Избранные произведения в двух томах: том I
Шрифт:
— До чего ж ты быстро! Просто замечательно!
Он наклонился, чтобы получше рассмотреть ее работу.
Аня сказала отрывисто:
— Не смотри под руку, отойди, мешаешь. Ляг немедленно!
Не поворачивая к нему головы, не меняя напряженного выражения лица и ни на секунду не замедляя темпа работы, она подняла кисточку и вывела у него на щеке зеленую яркую закорючку. Владимир засмеялся и вернулся на свое место, где и пролежал терпеливо до тех пор, пока Аня убрала работу, сняла фартук и подошла
Сережа, потрясенный, оставил свои учебники и вышел в маленькую комнату. Сел на кровать в своей «каюте» и долго «переживал» непочтительный поступок Ани.
С первого же дня, когда Сережа назвал ее Анной Павловной, она заявила, что к Анне Павловне не привыкла, просила называть Аней и даже хотела выпить с ним на брудершафт. Но называть на «ты» жену Владимира Николаевича Сережа был не в состоянии.
Самое слово «жена» было чем-то таким почтенным и солидным, но никакой солидности и почтенности не было в Ане.
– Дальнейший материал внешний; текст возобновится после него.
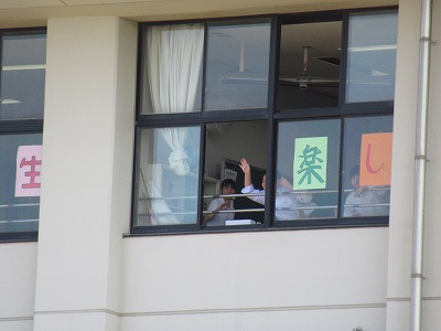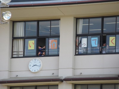 1年生のメッセージについて宇野先生から話があった後、皆で1年生の教室に向かって、大きな声で「行ってきま〜す!」と叫びました。

Ей то и дело приходили в голову идеи, такие же неожиданные, как зеленая закорючка на щеке взрослого больного человека.
Как-то вечером она стояла у окна и вдруг воскликнула:
— Капитан этот противный! Кажется, к нам идет. Разыграем его, товарищи!
Она рванулась от окна.
— Володя, ляг! Сережа, сядь за стол!
Она набросила шинель на Владимира, сунула ему в руки книжку, положила учебник перед Сережей.
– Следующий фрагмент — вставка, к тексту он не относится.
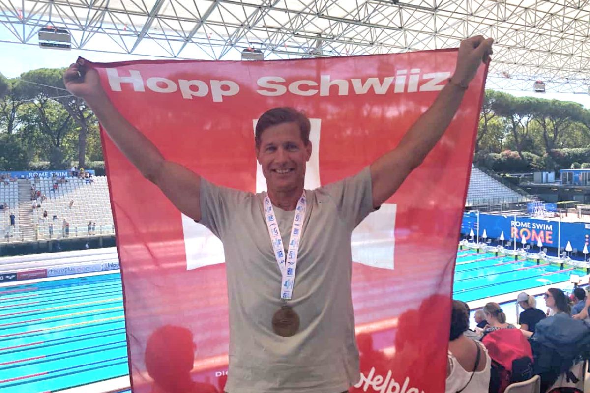 "Und? Wie hast Du Dir die Sommerzeit vertrieben?" fragte ich Martin Mitte August, als ich unseren Co-Präsidenten im Schwimmbad Mooshüsli wiedertraf, wo er allwöchentlich die Fähigkeiten von uns Breitensportlern zu optimieren versucht. "In der Toskana. Ist ne schöne Gegend, und wir hatten ne angenehme Unterkunft, mit Pool zum Relaxen und ein bisschen schwimmen." Ein bisschen schwimmen! Keine zwei Wochen später gratulieren wir nun unserem frisch gebackenen EM-Medaillengewinner zu seinem Doppelerfolg: Zweimal Bronze, in 1:10.81 über 100 m und in 2:55.57 über 200 m Schmetterling. Dazu ein toller 5. Platz über 50 m Schmetterling in 29.91.

Поспешно вынула из шкафа три стакана и три блюдца.
— Чай! Чай! Неужели нет заваренного чая?
Она налила в стаканы холодную сырую воду. Заваренный чай нашелся, она подцветила все три стакана, достала три конфеты, воскликнула:
— Ура! Такие же! — и разложила их по блюдцам.
Раздался звонок, Сережа хотел идти, Аня сказала:
— Сиди, там откроют, — и поставила стаканы: на стуле около дивана, на письменный стол и на подоконник.
Сережа понял, для чего все это, только когда она сама с чопорным видом села кресло у окна, положив на колени раскрытую книжку.
Капитан вошел, обвел взглядом комнату, увидел Аню у окна, как-то весь содрогнулся и остановился, часто мигая глазами. Сон иль не сон? — было написано на его лице.
— Анна Павловна, — церемонно представил Владимир.
— Мы… зн-знакомы, — немножко заикаясь, поклонился капитан.
— Очень вам благодарен, что вы пришли. Сережа, дай чаю.
Сережа, чувствуя ужасающую неловкость в руках и ногах, налил гостю сырой воды, подкрашенной крепким чаем, и положил конфетку на блюдце.
Капитан сел и нервно попросил разрешения закурить. Но когда он затянулся как следует и осмотрелся, он увидел некоторые перемены в комнате. Да и выражение лиц было другое.
Он пощупал стакан и засмеялся.
Владимир сказал:
— Честное слово, это не я придумал!
— Понимаю, — капитан посмотрел на Аню, — это мне страшная месть за мою неделикатность.
На этот раз он не торопился никуда, просидел весь вечер и ушел очень довольный.
В воскресенье, на второй день после своего переезда, в самом разгаре уборки Аня спросила:
— Что нам сделать сегодня на обед?
Владимир ответил с гордостью фокусника, показывающего какой-нибудь замысловатый трюк:
— Осторожно подними красненькую подушонку вон на том кресле.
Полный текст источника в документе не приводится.